:: YOUR GOAL ::
This calls for a verbatim copy of all the data, with no images carried over.

:: DATA SECTION ::
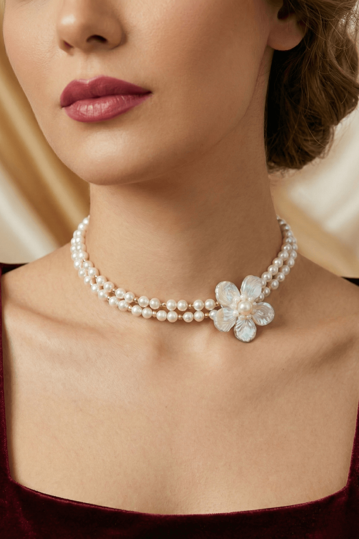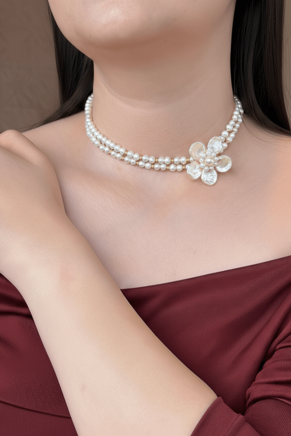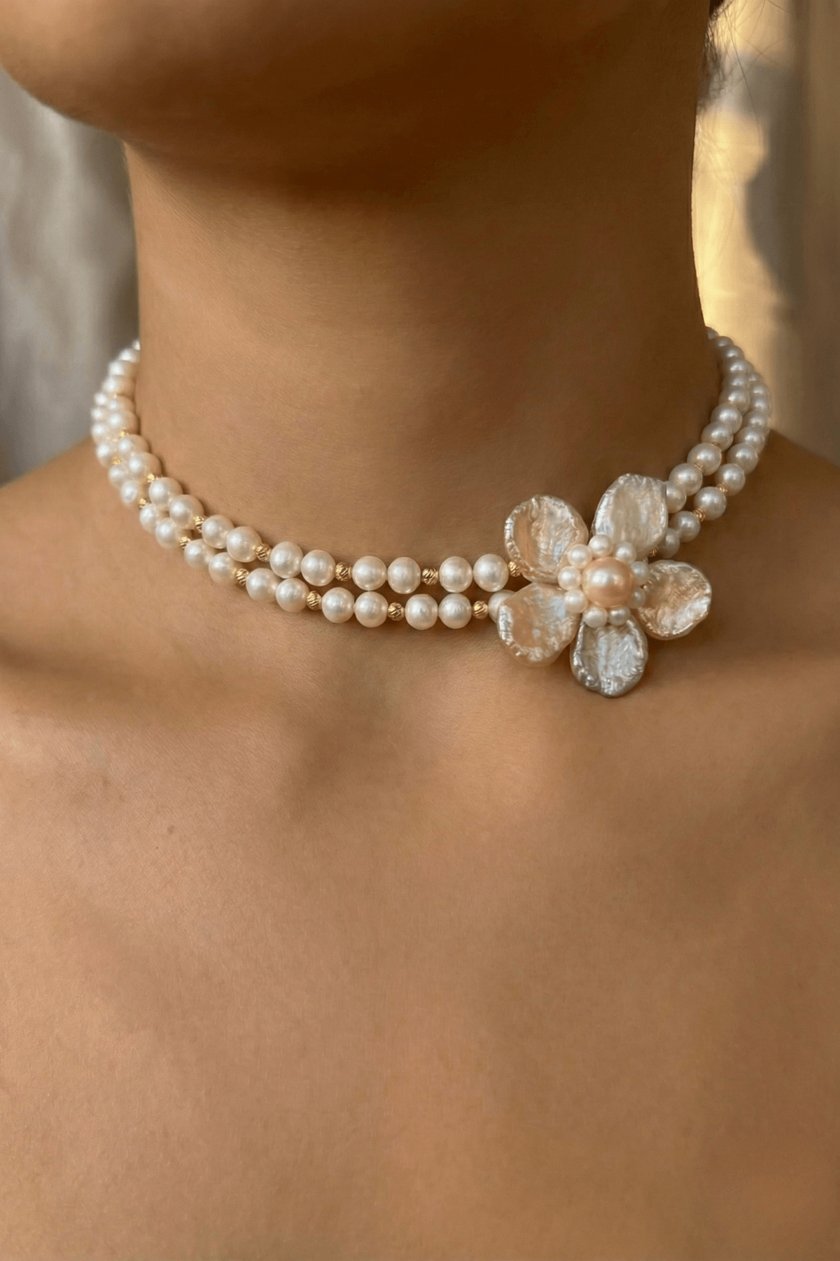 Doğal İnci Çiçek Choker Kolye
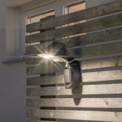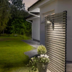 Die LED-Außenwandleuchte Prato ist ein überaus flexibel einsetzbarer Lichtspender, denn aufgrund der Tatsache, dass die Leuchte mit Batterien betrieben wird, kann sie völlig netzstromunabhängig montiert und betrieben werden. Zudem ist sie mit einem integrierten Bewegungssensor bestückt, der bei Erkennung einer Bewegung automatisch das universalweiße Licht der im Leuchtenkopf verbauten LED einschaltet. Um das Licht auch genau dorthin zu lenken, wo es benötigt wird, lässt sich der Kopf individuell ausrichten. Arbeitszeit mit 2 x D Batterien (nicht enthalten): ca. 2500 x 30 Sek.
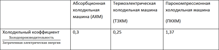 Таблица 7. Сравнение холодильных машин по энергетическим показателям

:: RESPONSE ::
 Doğal İnci Çiçek Choker Kolye
 Die LED-Außenwandleuchte Prato ist ein überaus flexibel einsetzbarer Lichtspender, denn aufgrund der Tatsache, dass die Leuchte mit Batterien betrieben wird, kann sie völlig netzstromunabhängig montiert und betrieben werden. Zudem ist sie mit einem integrierten Bewegungssensor bestückt, der bei Erkennung einer Bewegung automatisch das universalweiße Licht der im Leuchtenkopf verbauten LED einschaltet. Um das Licht auch genau dorthin zu lenken, wo es benötigt wird, lässt sich der Kopf individuell ausrichten. Arbeitszeit mit 2 x D Batterien (nicht enthalten): ca. 2500 x 30 Sek.
 Таблица 7. Сравнение холодильных машин по энергетическим показателям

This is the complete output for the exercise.